Parking Services offers bikes for students to borrow

DeKALB | NIU Parking Services does more for students than help with their car and issue parking permits and tickets – it offers an environmentally-friendly method of travel.

Parking Services offers NIU students, staff and faculty a free program called Borrow-a-Bike. Those affiliated with NIU can rent a bike, an Atlas Sun cruiser, along with a helmet and a bike lock. The program functions on a first come, first serve basis because the program only has 115 bikes to offer, said Parking Services Director Kristin Mommsen.

“The Borrow-a-Bike program is a free method of alternative transportation that Campus Parking Services is happy to offer students, faculty and staff,” Mommsen said in an email. “Biking helps reduce traffic congestion on campus, is environmentally friendly, provides health benefits and reduces the costs associated with wear and tear on the roadways and parking lots.”

The program started off in 2007 and has since grown in size and popularity, Mommsen said.
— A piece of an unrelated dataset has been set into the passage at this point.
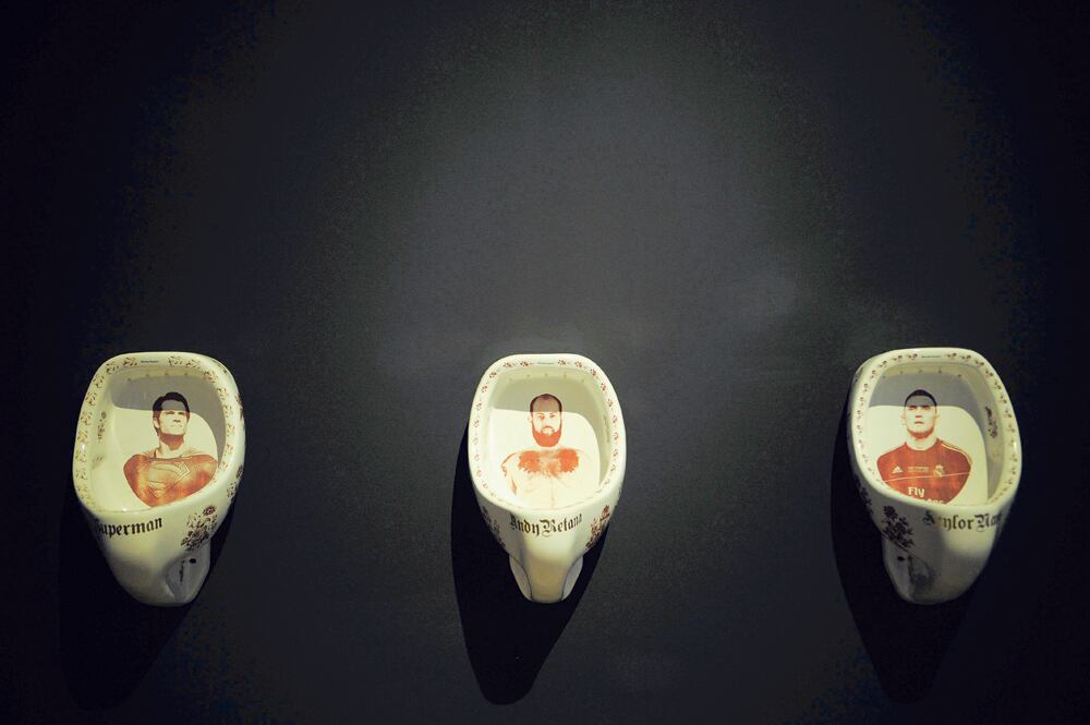 Con una estética kitsch , Andy Retana reflexiona acerca de la masculinidad en tres orinales. Estampa las imágenes de dos hombres que son arquetipos: Superman en Estados Unidos, donde vivió muchos años, y Keylor Navas, en Costa Rica. En medio, su propia imagen.

Toward the end of a semester – fall, spring or summer – Borrow-a-Bike has an inventory and maintenance period during which bikes can not be rented or renewed.

Currently, bikes cannot be rented or renewed until Sept. 6. On that day, according to the Parking Services website, bikes will be available for rental again, though renewals are not guaranteed. Bikes are only available for one semester rental, and on Dec. 5, all bikes must be returned. Those who do not turn in bikes by that date will face late charges.

If a bike is returned late, there is a $5 late fee for each day that it is held past its due date. If any of the equipment given to the student is lost, damaged or stolen, he or she will be expected to pay for losses plus a 10-day late fee.

“[Borrow-a-Bike] is really convenient,” said Lauren Iverson, sophomore business administration and paralegal studies major. “My parents bought me a bike that turned out to be completely worthless, and this was a good back-up. It is a very ugly yellow, but I can deal with that.”

Mike Nichols, junior visual communications major, also finds his rental bike to be more useful than pleasing to the eye.

“The bikes are not the prettiest, and they are not the greatest, but they are a lot faster than walking,” he said.